We can do the same thing with the integral.

$$\int_{-\infty}^\infty \frac{x^y}{\Gamma(y+1)}\,dy$$

formally satisfies being its own derivative--albeit the expression does not converge (which is a shame). But if you act like it converges, it should converge to $e^x$ because it's its own derivative.

This led me to considering a more suitable case, where the integral actually converges, and considering if the two functions agree. For example,

$$F(x) = \int_{-\infty}^{\infty}e^{-y^2} \frac{x^y}{\Gamma(y+1)}\,dy$$

defines a $C^{\infty}$ function in $x$ for $x \in \mathbb{R}^+$. This function satisfies $F'(x) = e^{-1}F(\frac{x}{e^2})$.

If we take

$$G(x) = \sum_{n=0}^\infty e^{-n^2}\frac{x^n}{n!}$$

then equally so, $G'(x) = e^{-1}G(\frac{x}{e^2})$.

Does $G = F$?

I thought of this in a more general setting though. I wondered if it happened for $e^{-y^2}$, does it work for other functions?

It may be useful to explain the ad hoc arguments I had when I was younger. These arguments were a summation of identities which are satisfied by both expressions, which seems implausible if they weren't equal in some sense. I'll explain them in the obtuse language I used when I was a first year, as it is the best way I can think of framing it. Let $\mathcal{I}$ and $\mathcal{S}$ denote the following operators,

$$\mathcal{I} \{f\} (x) = \int_{-\infty}^\infty f(y)\frac{x^y}{\Gamma(y+1)}\,dy$$

$$\mathcal{S} \{f\} (x) = \sum_{n=0}^\infty f(n) \frac{x^n}{n!}$$

Also, let $Qf(x) = xf(x)$ and $Tf(x) = f(x+1)$. Then $\mathcal{S}$ and $\mathcal{I}$ behave identically under actions of the two operators. The following similar identities present evidence as to why these two operators may be equivalent in a good enough scenario.

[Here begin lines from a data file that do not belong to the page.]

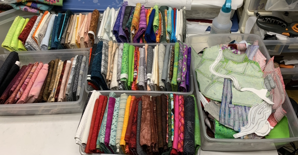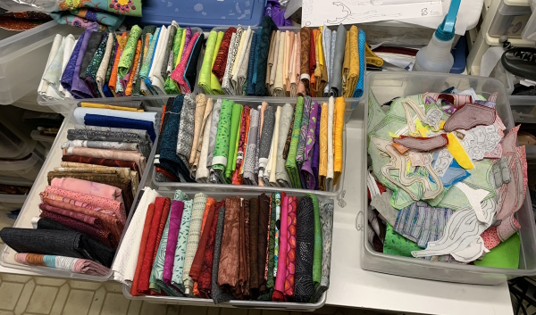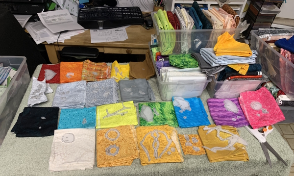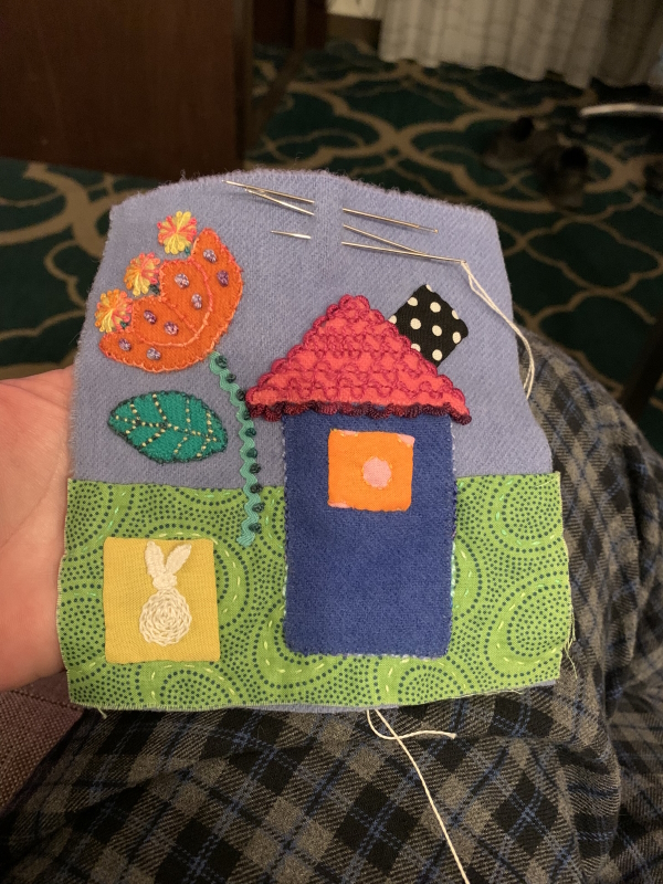 Finally finished the old spool and put the new one on. It breaks again. Aargh. Slowpoking it through the last bit of this. At this rate, not sure when I will finish. I did buy binding fabric Saturday morning…it’s why I didn’t get an earlier start to LA, although I was on the road north at 9:30 AM. Didn’t matter. It was 3+ hours up, an hour up there, then an accident on the way back. Got home at 6:30 PM. Ugh. Blood sugar was a mess the whole time. Fun times.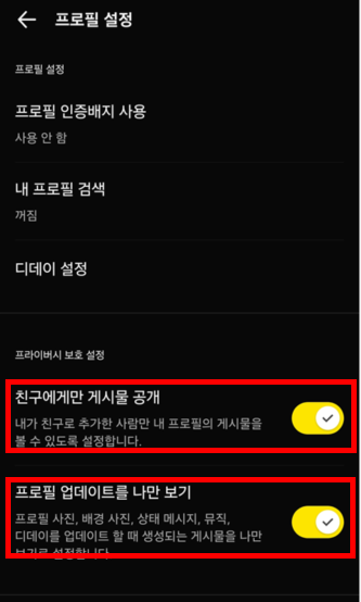 - '프로필 업데이트를 나만 보기' → 반드시 활성화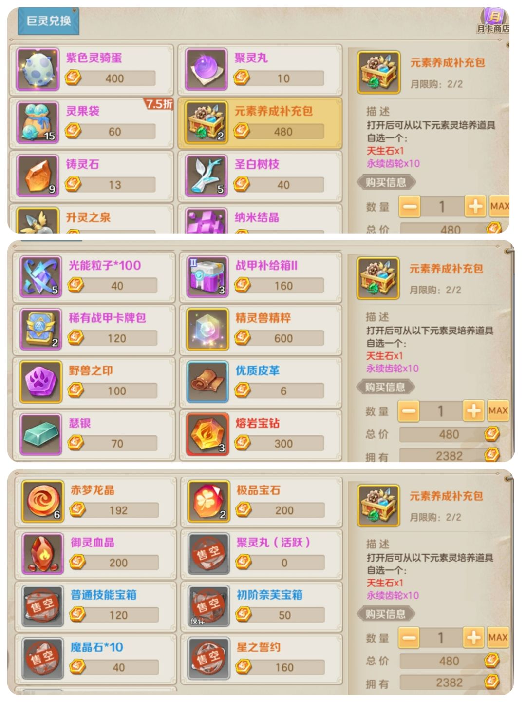 月卡商店新玩家必买精灵契约,两个月必出10个龙珠,不建议合精灵龙,拿来给其他精灵兽开天赋用合适,每周刷新一次的银币类资源全部通通买光,每天更新的星之誓约必买,周更新的720钻的史诗伙伴碎片酌情购买。
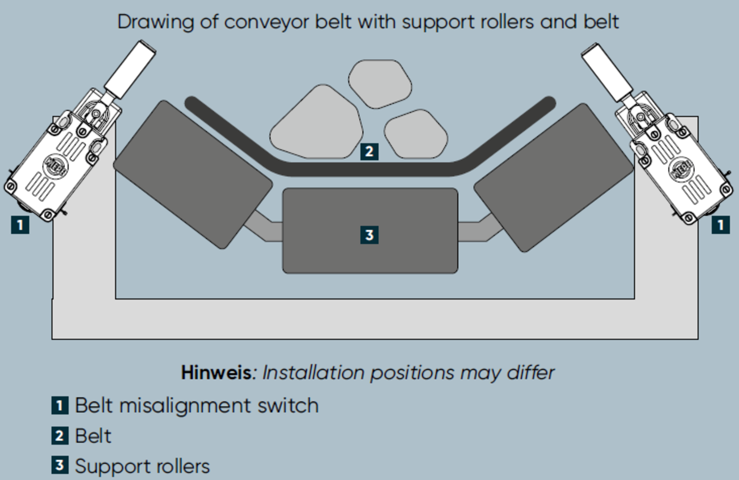 Misalignment switches of type VG [1] are fastened in pairs to a substructure with 2 M6 screws each. In the event of misalignment, the belt [2] must not leave the lateral support rollers [3]. The position of the belt misalignment switches must be selected so that the actuating roller of the belt misalignment switch is preferably approached vertically by the belt [2] . During normal operation, the actuating roller of the belt misalignment switch is not touched. The roller lever is interchangeable and can be freely fixed in the directions of rotation on the switch axis. The head with the roller lever can also be mounted in 90° steps on type VG. This provides more positioning options. The electrical connection is made when the device is open via the cable gland included in the scope of delivery directly to the connection glands of the switching elements.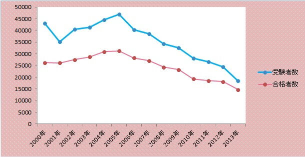 2005年をピークに、年々減少傾向にあります。ピーク時に比べると、2013年の合格者数は約4割減。
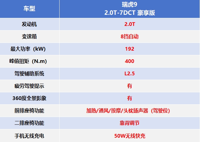 一款车能不能为全员带来畅快与舒适感受,配置是否全面很重要。瑞虎9配有主驾驶加热+通风+按摩+记忆等功能,并且配有头枕扬声器,真正做到了大而舒适。前排手机无线充电,USB、Type-C接口,全员都能尽情娱乐,不用担心电子设备电量告急。另外,这款车还搭载了2.0T发动机与爱信8AT变速箱,最大功率192kW,峰值扭矩400N.m,动力强,操控稳,还支持多种驾驶模式灵活切换,去哪儿玩都能尽兴。主动安全上,瑞虎9全系标配L2.5级智能辅助驾驶,540度影像、DOW开门预警、后方碰撞预警等功能应有尽有,上车就是满满安全感。

$$\mathcal{I}\{Tf\}(x) = \frac{d}{dx}\mathcal{I} \{f\} (x)$$

$$\mathcal{S} \{Tf\} (x) = \frac{d}{dx}\mathcal{S} \{f\} (x)$$

$$\mathcal{I}\{Qf\}(x) = Q\mathcal{I}\{Tf\}(x) = Q\frac{d}{dx}\mathcal{I} \{f\} (x)$$ $$\mathcal{S} \{Qf\} (x) = Q\mathcal{S} \{Tf\} (x) = Q\frac{d}{dx}\mathcal{S} \{f\} (x)$$

From these we also get

$$Q \mathcal{I}\{f\}(x) = \mathcal{I}\{QT^{-1}f\}(x)$$ $$Q \mathcal{S}\{f\}(x) = \mathcal{S}\{QT^{-1}f\}(x)$$

From all this the question is simple,

Are these two operators ever equivalent, if so when?

Or phrased more poetically

Is the continuous Taylor series no different than the discrete Taylor series?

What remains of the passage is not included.